We went to TGI Friday's for dinner, and guess what? Just because they have a veggie burger on the menu in New Jersey, it doesn't mean they have it in Pennsylvania! They did ask us when we went in if we wanted to be in the smoking or non-smoking section, a question no longer relevant in New Jersey, so the Hubs got to smoke even though he didn't get to eat. (He ate the french-fried string beans, which are delish.)

Okay, so, on to tomorrow. A little more town browsing, a leisurely tour of the battlefield on our own, and a guided walking tour of the cemetery. You remember the cemetery, right? Lincoln came here to dedicate the cemetery; they just asked him to say a few words on the occasion.

* a maven is a person who knows a lot about a particular thing, seriously, and is a kind of connoisseur of it. An expert, sort of, but not in an official way. Not a know-it-all, but someone who just really knows.

WATCHING CSI :: ENTRY #1525

Wednesday, January 17, 2007

No Title Today

[copied from dland]

Like Summer-Gale, I always figured that Sophie made the choice she did because she thought a boy, and an older child, would have the best chance of survival.
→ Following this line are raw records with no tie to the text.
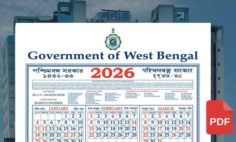 WB Calendar 2026 PDF: পশ্চিমবঙ্গ সরকারের ২০২৬ সালের সরকারি ছুটির ক্যালেন্ডার ডাউনলোড করুন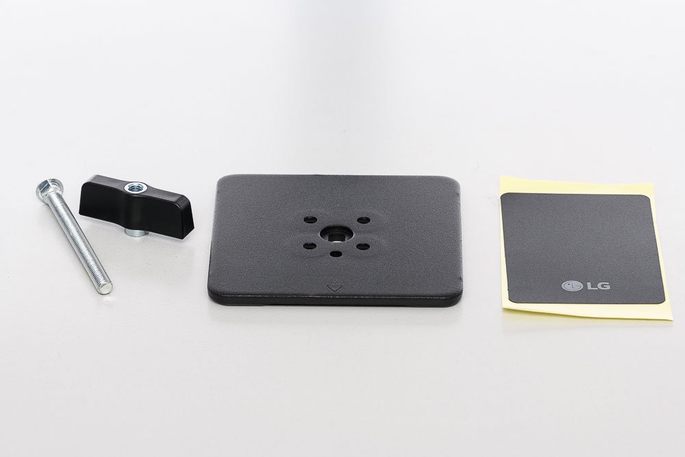 Zum Lieferumfang gehört auch noch eine weitere, sorgsam verpackte Montageplatte. Sie wird nur benötigt, wenn man den Monitor nicht an der Tischaußenkante, sondern in einer entsprechenden Bohrung in der Tischplatte montieren möchte.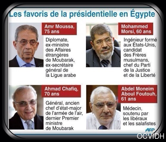 LE CAIRE (AP) ? Le candidat des Frères musulmans, Mohammed Morsi, arriverait en tête du premier tour de l'élection présidentielle en Egypte, et devrait être opposé au second tour à Ahmed Shafiq, ancien commandant de l'armée de l'air et dernier Premier ministre d'Hosni Moubarak, selon des résultats partiels rendus publics vendredi.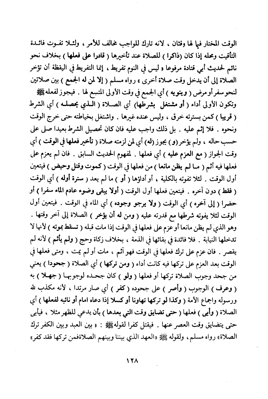 فَيُقْتَلُ كُفْرًا لِقَوْلِهِ صَلَّى اللَّهُ عَلَيْهِ وَسَلَّمَ «: بَيْنَ الْعَبْدِ وَبَيْنَ الْكُفْرِ تَرْكُ الصَّلَاةِ» رَوَاهُ مُسْلِمٌ.

My dippy niece -- not Wonderful Niece, but the one on the Hubs' side -- lost the gift card I gave her for Christmas from the Giant Jeans Conglomerate. Her mother called and told me the other day. Yada yada yada I made a zillion phone calls and searched through my unfiled papers for the receipt and now I have to stay home this afternoon because UPS is delivering it today and they require a signature. Am I being a dope here, or what? The SIL would have gladly made all the calls but she would have needed the receipt, and I bought other things that day and she didn't need to see all that, did she? When you lose a gift card, isn't that just your own damn fault? Do you expect to get it replaced? I don't know, just asking. Anyway, I'll send it out tomorrow and then she'll have it and it'll be over (as I thought Christmas already was, foolish me.)

I was leaving work before, driving out of the parking lot, and thinking "This week is so long! How can it be only Tuesday, it feels like so much later in the week!" and then I started to laugh and said "Oh, because it's Wednesday." Does it even make a difference?

Oh, I got my bookends today, along with a bunch of other stuff. Getting there, getting there. (That was 300 bookends, btw, which the SCM put out. He's good for some things, after all.)

I'm cold, I'm tired, my back hurts. Just to remind you that this is still me you're reading.

Okay, I've let this go on long enough. I'm going to put on my jammies and eagerly await my Beauty and the Geek. Huddled under a blanket.